Given the widespread use of atrazine in commercial agriculture, much study has been devoted to potential environmental intoxication by this chemical and any health issues related to chronic, low-dose exposure, such as carcinogenesis and endocrine disruption. Thus, relatively fewer studies using dosages that might be encountered in a situation of acute toxicity are available. Regulatory agencies within the United States consider atrazine as only mildly acutely toxic for laboratory animals exposed via the oral route, with LD₅₀ values for adult rats exposed via oral gavage of 672–1,471 mg/kg, depending on the sex of rat and the study cited. ¹

The mechanism of action of atrazine is not fully understood; however, studies suggest that atrazine may cause toxicity via cellular oxidative stress and mitochondrial dysfunction. In a review of studies using biomarkers of oxidative stress in organisms treated with atrazine or the related triazine herbicide terbuthylazine, the authors concluded that, in general, rodent studies supported the idea that atrazine compromised antioxidant enzyme systems. ¹² Studies included in that review used dosages of <0.1–400 mg/kg, indicating that some studies were meant to model chronic, low-dose exposure, whereas others approached situations similar to acute, high-dose exposure. ¹² Studies reported in 2017 and 2018 using quail as an animal model have investigated organ-specific responses to atrazine at levels up to 500 mg/kg. In these studies, the authors concluded that atrazine induced mitochondrial dysfunction and oxidative stress in the kidney and liver via modulating the Nrf2 pathway, and in the cerebrum via activation of the NXR response.^10,13,14 Thus, multi-organ mitochondrial dysfunction and oxidative stress likely contribute to acute toxicity in cases of high-dose atrazine ingestion.

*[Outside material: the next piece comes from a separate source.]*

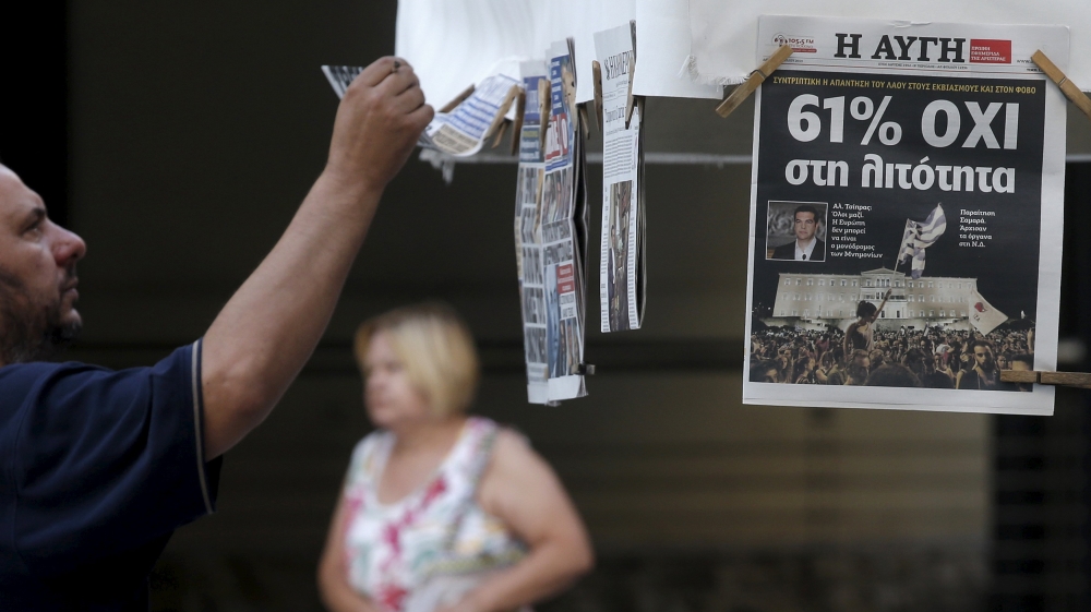 ![A man looks at newspapers showing the results of Sunday''s referendum in central Athens, Greece [REUTERS]](https://aljazeeranews-3fuh52rgrl.edgeone.app/wp-content/uploads/2015/07/4daf8eff0109488fa7b7eaa608422b03_18.jpeg?resize=770%2C513&quality=80)

We have documented here that the qualitative, multi-residue GC-MS method validated for the detection of pesticides and other chemical analytes can isolate and confirm the presence of atrazine in liver and rumen contents. Given the reported clinical signs and gross lesions, as well as detection of atrazine within the clinical samples, atrazine intoxication was considered the likely cause of death and clinical signs observed in this herd.